There have been numerous reports of ghostly sightings on the premises over the last few months, indeed such an uncommon abundance that it soon proves difficult to unravel the strands and separate possible fact from obvious fiction. The following are just a selection of the incidents alleged to have occurred: staff have complained that the cash register snaps shut ‘with a will of its own’ when they are attempting to make a sale, and also that items they have taken out on to the shop floor have been mysteriously returned to the stock room, whilst displays of paperbacks or LP’s frequently seem to have been reordered on the shelves. Customers emerging from the changing cubicle ‘as if through a mist’ share a passing impression that the shop is full of shadowy figures pawing over the ornaments and clothes. One particularly distressed customer claimed that when trying on a tie in the changing cubicle the knot inexplicably tightened around his neck ‘like some invisible hands were fastening a noose’. Others have reported that their moods or behaviours have suddenly altered or become unpredictable since purchasing clothes from the charity shop.

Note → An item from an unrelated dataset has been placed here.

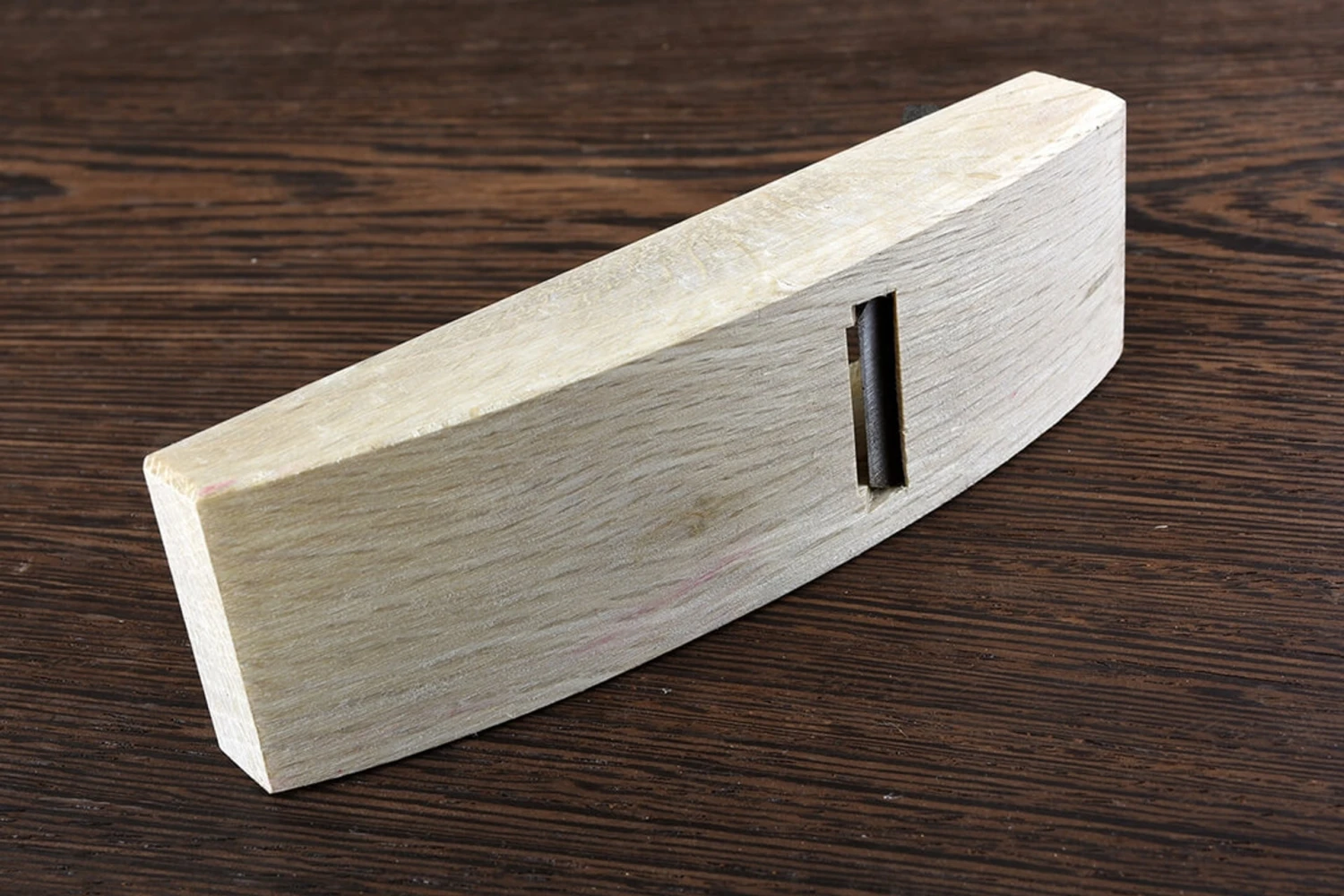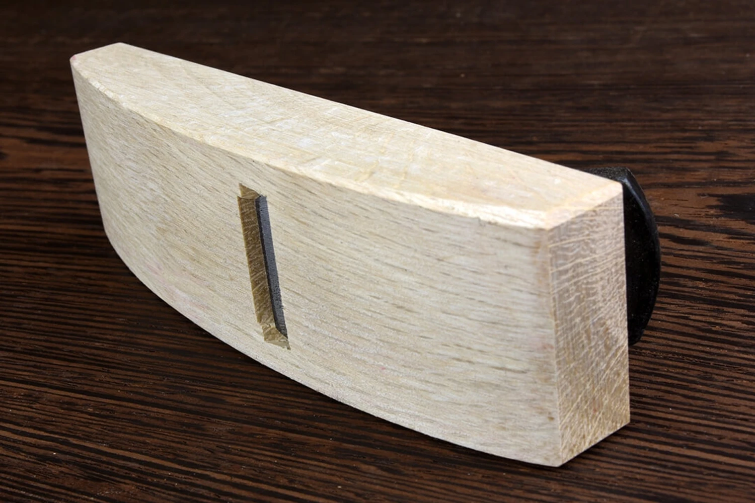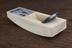 A straight bladed compass plane, for smoothing and fairing concave edges up to and including its own radius (approximately 200mm).The 24mm wide blade is shouldered, giving a cutting edge of 20mm width. Typically used for shaping the underside of aprons and rails to lighten the appearance of a piece.Body length: 120mmBody width: 36mmBlade width: 24mmEdge Width: 20mmThis is an excellent series of videos by Sumokun that explains the process of setting up a Kanna in English (watch the first video, then the third, then the second).

Shop Manager Tina Fray dismisses all of these allegations, and was eager to put forward her version of events. ‘There really is no foundation to any of these stories’ she explains, ‘Everything related to me has either been a misunderstanding, an exaggeration or just simply not true. To be frank I suspect many of these tales were invented and circulated by employees of a couple of local department stores, who shall remain nameless, with the intention of damaging the reputation of this shop. It is sad that such people will resort to attacking a charity, but in these difficult economic times we have been doing a roaring trade, and I think a few of the larger retailers are worried and jealous. You may remember there was a similar whispering campaign against a privately owned toyshop in the town a little while ago. Also, I think in an environment like Lethmachen there is unfortunately a lingering snobbery against charity shops. People still have this outdated idea that our stock is only derived from house clearances, inherited from the poor and the deceased. That’s just not true anymore, culture has changed. All kinds of people donate to charity shops these days, from all walks of life. It’s true there have been problems with the occasional customer or employee who can’t work the till properly, but ask any retail manager and they will tell you that is just normal, everyday working life’.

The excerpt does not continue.